Stillness prevailed around us: and the voice

106

That spake was capable to lift the soul
Toward regions yet more tranquil. But, methought,
That he, whose fixed despondency had given
Impulse and motive to that strong discourse,
Was less upraised in spirit than abashed;
Shrinking from admonition, like a man
Who feels that to exhort is to reproach.
Yet not to be diverted from his aim,
The Sage continued:—
“For that other loss,
The loss of confidence in social man,
By the unexpected transports of our age
Carried so high, that every thought, which looked
Beyond the temporal destiny of the Kind,
To many seemed superfluous—as, no cause
Could e'er for such exalted confidence
Exist; so, none is now for fixed despair:
The two extremes are equally disowned
By reason: if, with sharp recoil, from one
You have been driven far as its opposite,
Between them seek the point whereon to build
Sound expectations.

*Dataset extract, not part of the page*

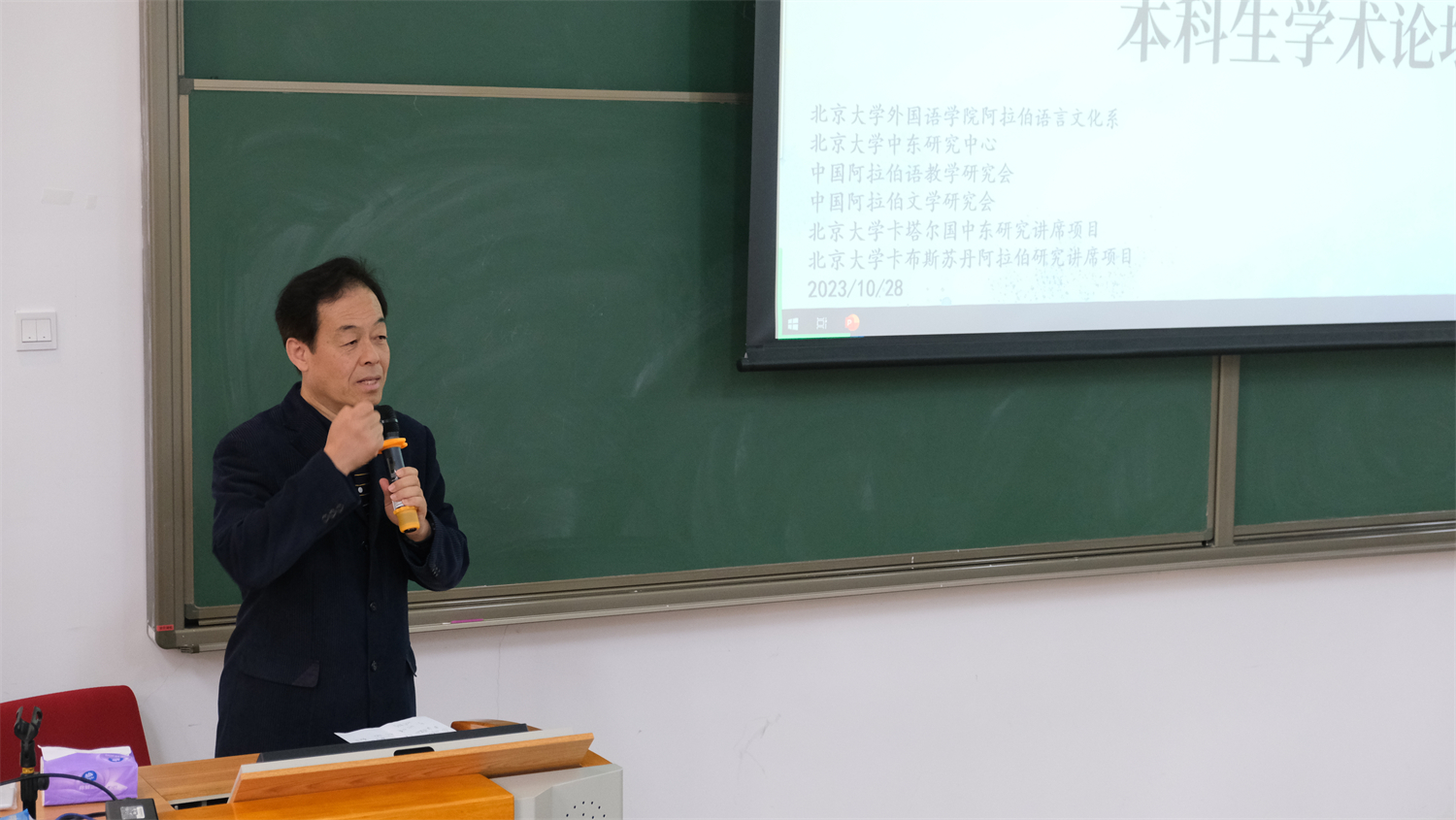 付志明教授在开幕致辞中指出,举办本科生学术论坛的目标既在于提升本科生的专业素养、丰富专业知识,又在于从低年级开始培养人格、锻炼策划组织能力。付老师强调,在当前“跨学科”热度不断上升的背景下,跨学科的重要前提条件在于扎实的本专业能力。他希望大家认真学好阿拉伯语,因为阿拉伯语将是大家今后工作的重要资源,阿拉伯世界或中东也很可能成为大家工作的地点或对象。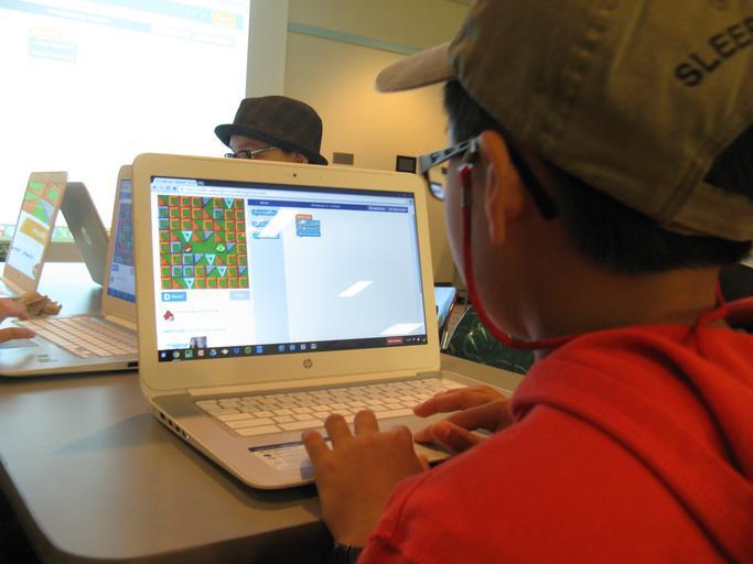 Keywords: kalamazoo kalamazoo public library kalamazoopubliclibrary code indoor KPL Code Camp: Teens work together to solve problems while learning basic computer programming skills, www.kpl.gov KPL Code Camp: Teens work together to solve problems while learning basic computer programming skills, www.kpl.gov

So doth he advise
Who shared at first the illusion; but was soon
Cast from the pedestal of pride by shocks
Which Nature gently gave, in woods and fields;
Nor unreproved by Providence, thus speaking
To the inattentive children of the world:
‘Vain-glorious Generation! what new powers
‘On you have been conferred? what gifts, withheld
‘From your progenitors, have ye received,
‘Fit recompense of new desert? what claim
‘Are ye prepared to urge, that my decrees
‘For you should undergo a sudden change;
‘And the weak functions of one busy day,
‘Reclaiming and extirpating, perform
‘What all the slowly-moving years of time,
‘With their united force, have left undone?
‘By nature's gradual processes be taught;

107

‘By story be confounded! Ye aspire
‘Rashly, to fall once more; and that false fruit,
‘Which, to your over-weening spirits, yields
‘Hope of a flight celestial, will produce
‘Misery and shame. But Wisdom of her sons
‘Shall not the less, though late, be justified.’